What’s Your Sell Discipline?

February 15, 2008

In this difficult economic time, one of the most important thing on the minds of investors is: when do I sell? We spoke with several portfolio managers this week who talked to us a little bit about when they decide to sell.

John Lemry, Emerson Investment Management (Large Cap Growth):

Mr. Lemry: If a company has underperformed the S&P 500 by 20%, our discipline requires us to review the holding, examine the thesis for owning the stock and make a case for continuing to hold the position. The decision to sell is not a rote decision, but unless the whole sector or industry is down, such as financials today, we will typically look for a good exit point. Examples of sales triggered by this process in 2007 were Genworth (GNW) and Kohl’s (KSS).Conversely, when stocks do very well and exceed their intrinsic values, we are also sellers.

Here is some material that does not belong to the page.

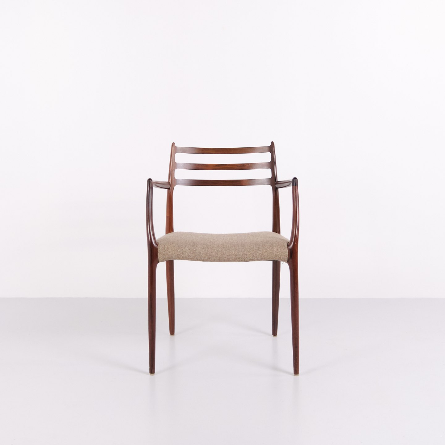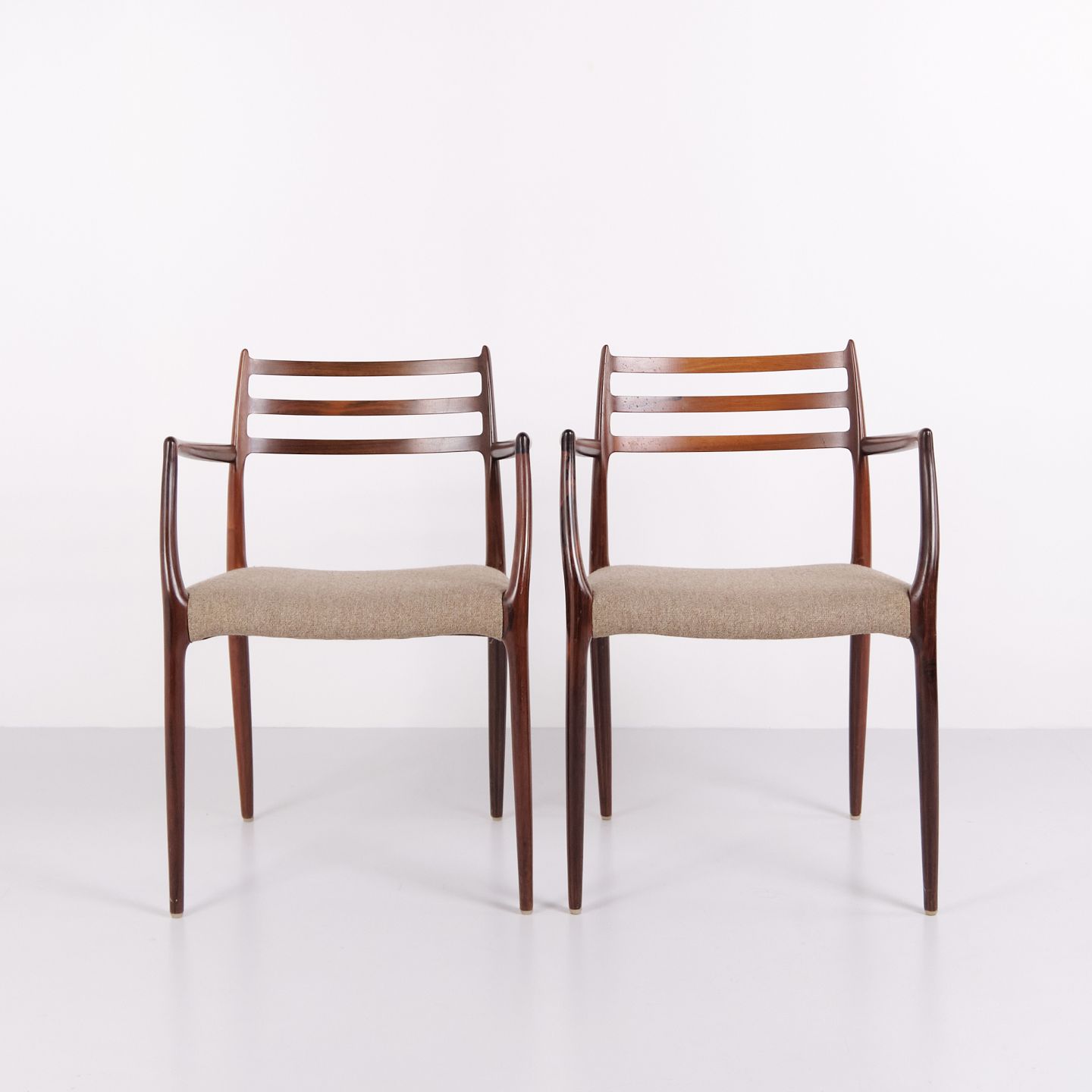 Armlehnstühle, Modell 62, entworfen im Jahr 1962. Aus Palisander gefertigt und bekannt für präzise Schreinerarbeit und ergonomische Konstruktion. Modell 62 zählt zu den bekanntesten Stuhlentwürfen von Niels Otto Møller und steht für dänisches Möbeldesign der frühen 1960er-Jahre.

An example was Ambac, which hit our price target last year and we exited at $88. That was a particularly good sale for us as the stock is now trading at less than $12 per share.

John Kattar, Eastern Investment Advisors (Separate Account, Sector Specific) 

Mr. Kattar: The sell process is the opposite of the buy process. I mentioned before that we have three parts to our process: top-down, quantitative, and bottom-up, which is really the core of what we do. We are very conservative managers, so stocks have to score well on each of those three disciplines in order to find their way into the portfolio. In other words, it has to fit our macro themes, has to look good on our quantitative models and also has to be validated by our bottom-up inputs. In order for a stock to be sold, it only has to run afoul of one of those disciplines. The idea is that we don’t mind missing a very good stock because we have been too conservative — there are always other stocks to buy — but we do not want to hold a bad stock because we weren’t conservative enough.

Jason Beckman, The Oxford Private Client Group (Top-Down, Equity and Fixed Income)

Mr. Beckman: We have a different discipline depending on whether the target is on the way up or on the way down. When we take a position, we will set a sell target on the way up technically. When we buy a stock at $30, we’ll set our target at, say, $39; that is a 30% return. When it hits $39, pretty much regardless of what happens, we will sell the position, period. On the way down, however, we will take a little different approach. It is not so much technically driven as it is fundamentally driven. If we buy the same stock at $30, we’ve done our due diligence and we believe that is a good place to purchase the stock. But also understand that we don’t go all in. If we are going to take, let’s say, a 4% position in a $30 stock, we are not going to take a 4% position on day one. We are going to work our position in over maybe four or five increments, so 1% or less on every placement.